Note: Classifier classifies Ciliates as Non-negatives and Non-ciliates as Negatives.
Please make use of the below filenames for predicting new data in the directory ./trained_model/Final_ciliates_eff0_classifier/
a) model file --> keras_model_finetune.h5
b) weight file --> bestweights_finetune.hdf5
Please note that the same commands from earlier version v1.2.1 works here as well.
Binary, multi and versusall classifiers with option for hypertuning
The syntax for predicting images is the same as previous releases, but there are some changes for training script.
While training, the user now can choose between binary, multi and versus-all classifier. When the hp_tuning is set to yes (in order to do hyper parameter tuning), then the user can choose more than one models to train. The user can choose between two different options for pre-processing images i.e. either resize the image to desired size by keeping the original proportions or without keeping the proportions.The user can also save the data and the filenames. Finally, the user can choose models to do either Average ensemble and stacking ensemble of models.

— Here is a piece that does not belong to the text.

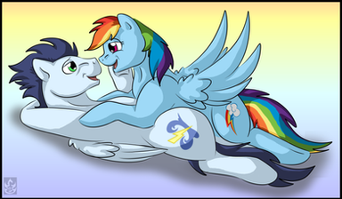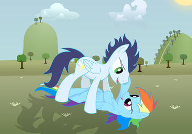 Hey guys! So this is my ship! I ship this. So hard. SOARINDASH.So this is Soarin and Rainbow Dash emulating the scene from The Lion King when Nala pins Simba down in play fight. ->[link]
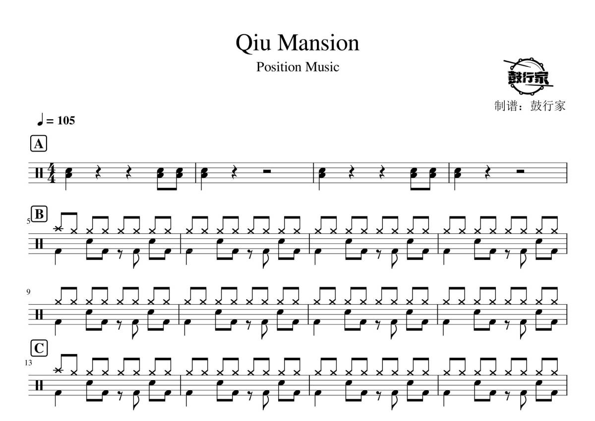 《Qiu Mansion》是Position Music演唱的一首歌曲,拍号为4/4拍,歌曲速度为每分钟105拍,这份架子鼓谱共有一张高清图谱,图谱由 @鼓行家 编配上传,图谱使用五线谱编配,使用这份Qiu Mansion架子鼓谱,你将能够轻松地敲打出这首Position Music的Qiu Mansion,快来尝试吧。

The classification report, confusion matrix and the plots are saved in the output directory.
For the end user who wants to use the trained models for predictions,
Please install some of these important libraries- (Not everything is listed)
pip install git+https://github.com/qubvel/efficientnet
pip install -U scikit-learn
pip install tensorflow ==2.3.0
pip install keras==2.4.3
pip install imutils==0.5.3
Then to predict your images, use:
python predict.py -modelfullnames './trained-models/eff0_for_DiatomCentrics/keras_model_finetune.h5' -weightnames './trained-models/eff0_for_DiatomCentrics/bestweights_finetune.hdf5' -ensMethods 'leader' -testdirs './data/Centric_Diatoms_latest/Validation_from_experts/Centric_diatoms/' './data/Centric_Diatoms_latest/Validation_from_experts/Centric_negatives/' -predname './out/predictions/Centric_diatoms'-thresholds 0.99 0.8 2>/dev/null
If you have images for validation i.e. images that are separated according to their labels in specified folders and want to see how the model performs, then use this command: You can also specify whether to copy the misclassified images in to separate directory for further investigation by controlling -save_misclassified parameter
python validation.py -modelnames ./trained-models/eff0_for_DiatomCentrics/keras_model_finetune.h5 -weightnames ./trained-models/eff0_for_DiatomCentrics/bestweights_finetune.hdf5 -datapaths ./data/Centric_Diatoms_latest/Validation_from_experts/ -classifier binary -outpath ./out/misclassified/ -save_misclassified yes
More classes
The current release includes models trained on more classes. The syntax is the same as previous releases, but the models in ./trained-models are now trained on 34 classes.
Multiple arguments on predictions
Changes on predict.py
This patch improves usability. Now, a single run can make predictions on several directories. Also the ensembling method and the abstention can be given as multiple arguments, and the program will loop through them.
Note that the keyword for the ensembling method was changed from em to ensMethod, and absthres was changed to thresholds, and most of the other keywords were changes to the plural. For a summary, run python predict.py -h.
Example of the new usage:
python predict.py -ensMethods 'leader' -testdirs 'data/1_zooplankton_0p5x/validation/tommy_validation/images/asterionella/' 'data/1_zooplankton_0p5x/validation/tommy_validation/images/uroglena/' 'data/1_zooplankton_0p5x/validation/tommy_validation/images/asplanchna/' -thresholds 0.99 0.8 2>/dev/null
In addition to the screen output, this example produces two files, predict_leaderabs0.8.txt and predict_leaderabs0.99.txt, with the prediction from each set of options.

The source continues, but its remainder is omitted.